Stored items from a collection:
-*-*-

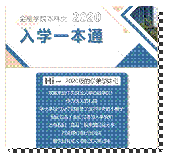 《2020级本科生入学一本通》是公司迎新的特色手册,内含有公司领导老师及公司部分单位的通讯录、相关公众号介绍、入学教育安排、安全提醒等,是新生入学及熟悉校园的指导手册。
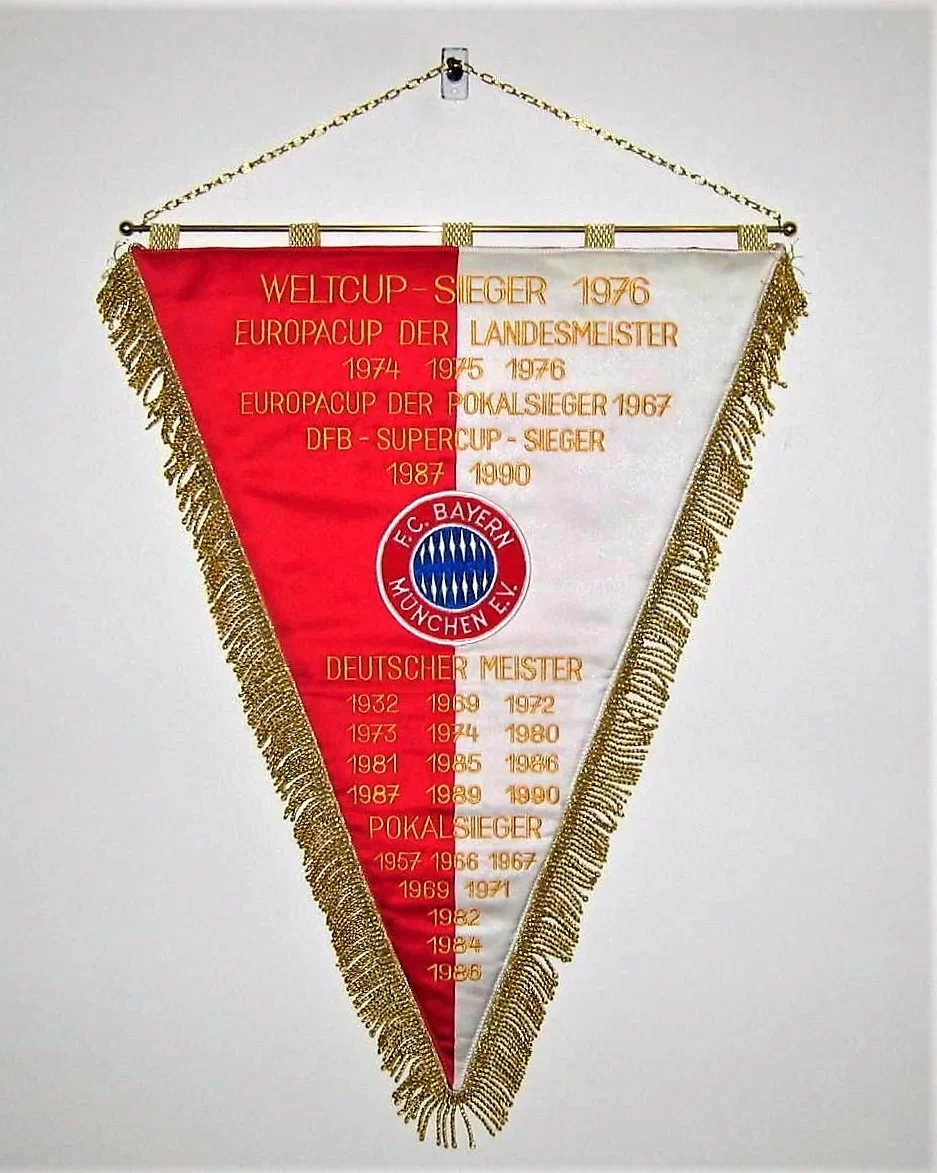 Circa i gagliardetti è sorprendente come nell’arco degli anni abbiano conservato le proprie caratteristiche. Negli anni sessanti, per intenderci il periodo in cui i bavaresi accolgono come simboli i colori della Baviera e quelli societari, sono riparti in bianco e rosso con lo stemma circolare del club apposto centralmente e sormontato dall’iscrizione della competizione.
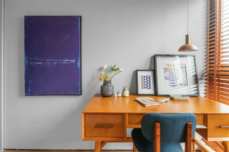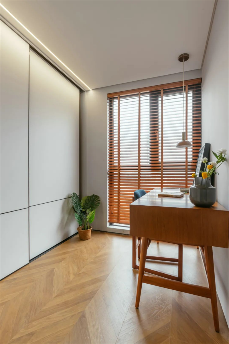 書房處于一個溫馨的角落,充滿了閱讀和學(xué)習(xí)氛圍。書桌選用一張簡約的原木桌子,搭配舒適的布藝椅子適合長時間坐靠工作和學(xué)習(xí),打造適合靜心思考和深度閱讀的理想場所。
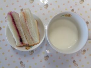 おやつは『ジャムサンド・牛乳』でした🍞 梨は卒園児のご家庭から頂いたものですハートたち (複数ハート)
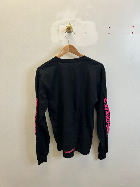 New Chrome Hearts Black Ls Pink Neck Logo Sz.Small
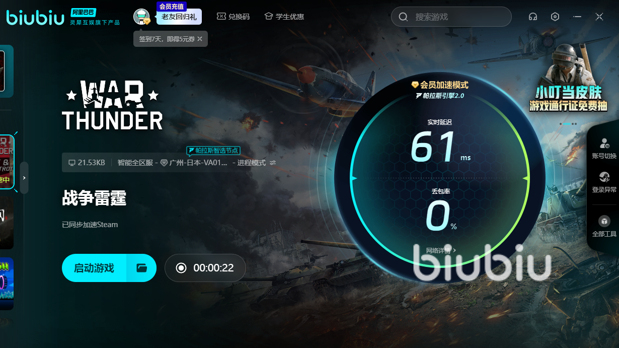戰(zhàn)爭(zhēng)雷霆作為一款全球范圍內(nèi)都知名的國(guó)際大作,如今暫時(shí)沒(méi)有出現(xiàn)國(guó)服。所以我們想體驗(yàn)的話還得借助biubiu,加速后才有機(jī)會(huì)登陸飛機(jī)內(nèi)開(kāi)啟全新的飛行人生!新用戶的話可領(lǐng)取24小時(shí)的免費(fèi)加速,另外新老用戶輸入【biubiu不卡頓】,輕松額外獲得三天免費(fèi)加速。不過(guò)飛行途中一卡的話,就無(wú)法及時(shí)躲避對(duì)方的追擊。用上了加速器后,就能讓你轉(zhuǎn)動(dòng)方向并躲掉對(duì)方的狙擊。
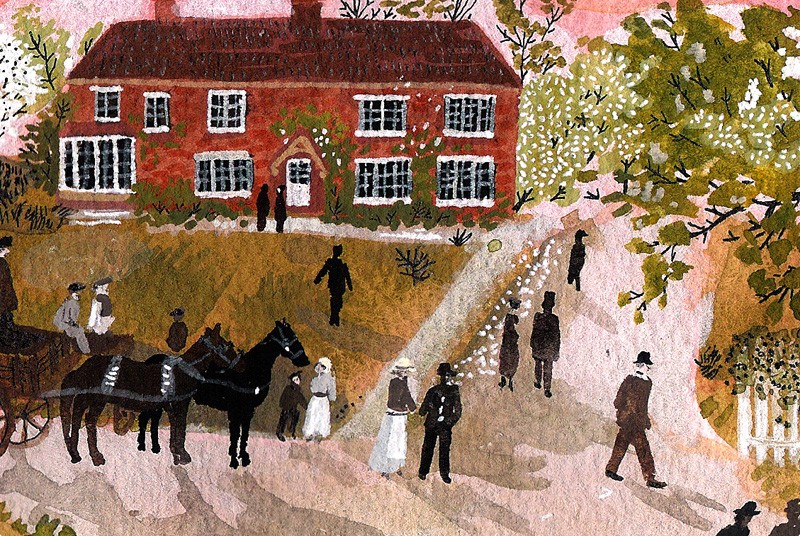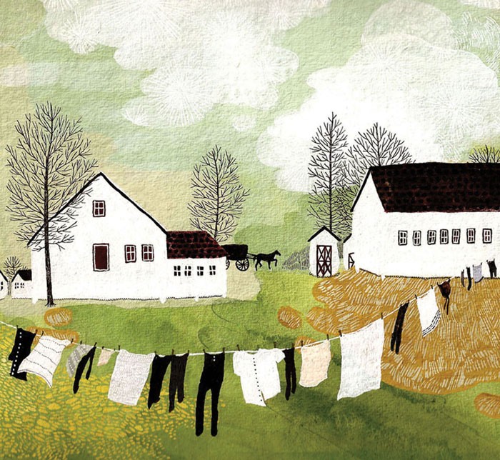 Loving the quirky, folk arty feel of Kentucky based artist Becca Stadtlander. Her art has a fantastic sense of place that makes me want to visit Kentucky (just go to West Virgina and make a left) and calls to mind the works of Grandma Moses.
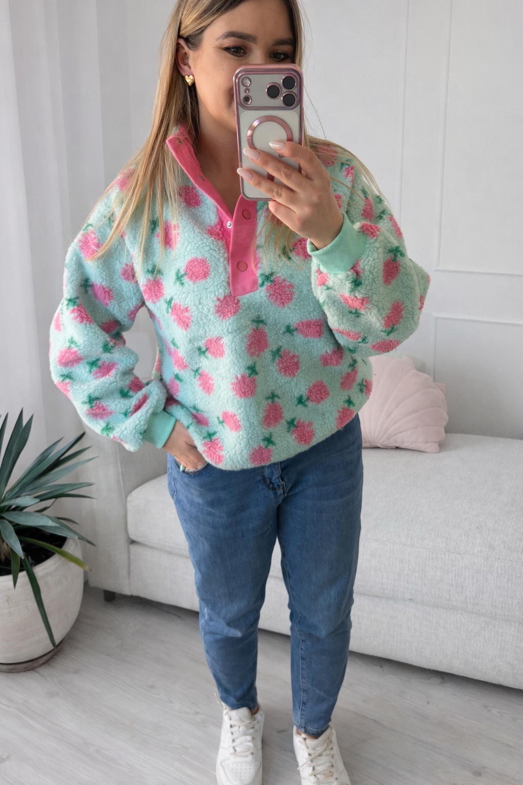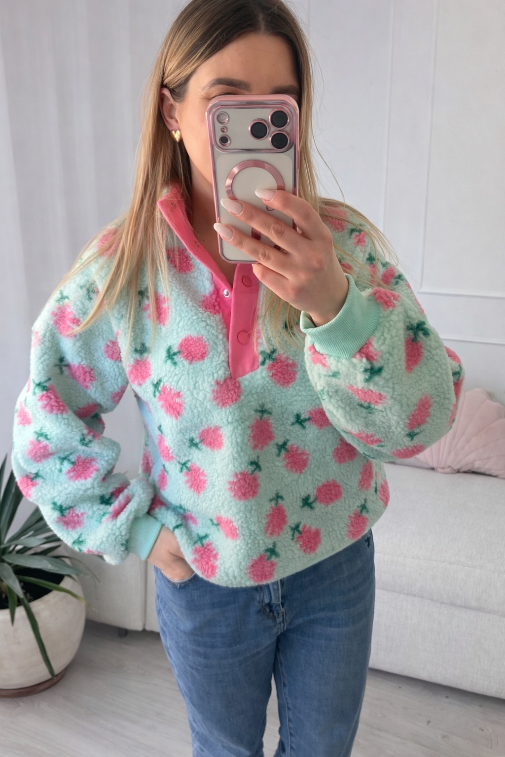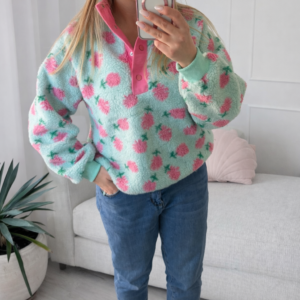 Polar w kwiatuszki turkusowy

-*-*-

WORK INSTRUCTION:
What the reply must contain is an exact transcription of the data above and none of its pictures.

RESULT FOR THIS TASK:
 《2020级本科生入学一本通》是公司迎新的特色手册,内含有公司领导老师及公司部分单位的通讯录、相关公众号介绍、入学教育安排、安全提醒等,是新生入学及熟悉校园的指导手册。
 Circa i gagliardetti è sorprendente come nell’arco degli anni abbiano conservato le proprie caratteristiche. Negli anni sessanti, per intenderci il periodo in cui i bavaresi accolgono come simboli i colori della Baviera e quelli societari, sono riparti in bianco e rosso con lo stemma circolare del club apposto centralmente e sormontato dall’iscrizione della competizione.
 書房處于一個溫馨的角落,充滿了閱讀和學(xué)習(xí)氛圍。書桌選用一張簡約的原木桌子,搭配舒適的布藝椅子適合長時間坐靠工作和學(xué)習(xí),打造適合靜心思考和深度閱讀的理想場所。
 おやつは『ジャムサンド・牛乳』でした🍞 梨は卒園児のご家庭から頂いたものですハートたち (複数ハート)
 New Chrome Hearts Black Ls Pink Neck Logo Sz.Small
戰(zhàn)爭(zhēng)雷霆作為一款全球范圍內(nèi)都知名的國(guó)際大作,如今暫時(shí)沒(méi)有出現(xiàn)國(guó)服。所以我們想體驗(yàn)的話還得借助biubiu,加速后才有機(jī)會(huì)登陸飛機(jī)內(nèi)開(kāi)啟全新的飛行人生!新用戶的話可領(lǐng)取24小時(shí)的免費(fèi)加速,另外新老用戶輸入【biubiu不卡頓】,輕松額外獲得三天免費(fèi)加速。不過(guò)飛行途中一卡的話,就無(wú)法及時(shí)躲避對(duì)方的追擊。用上了加速器后,就能讓你轉(zhuǎn)動(dòng)方向并躲掉對(duì)方的狙擊。
 Loving the quirky, folk arty feel of Kentucky based artist Becca Stadtlander. Her art has a fantastic sense of place that makes me want to visit Kentucky (just go to West Virgina and make a left) and calls to mind the works of Grandma Moses.
 Polar w kwiatuszki turkusowy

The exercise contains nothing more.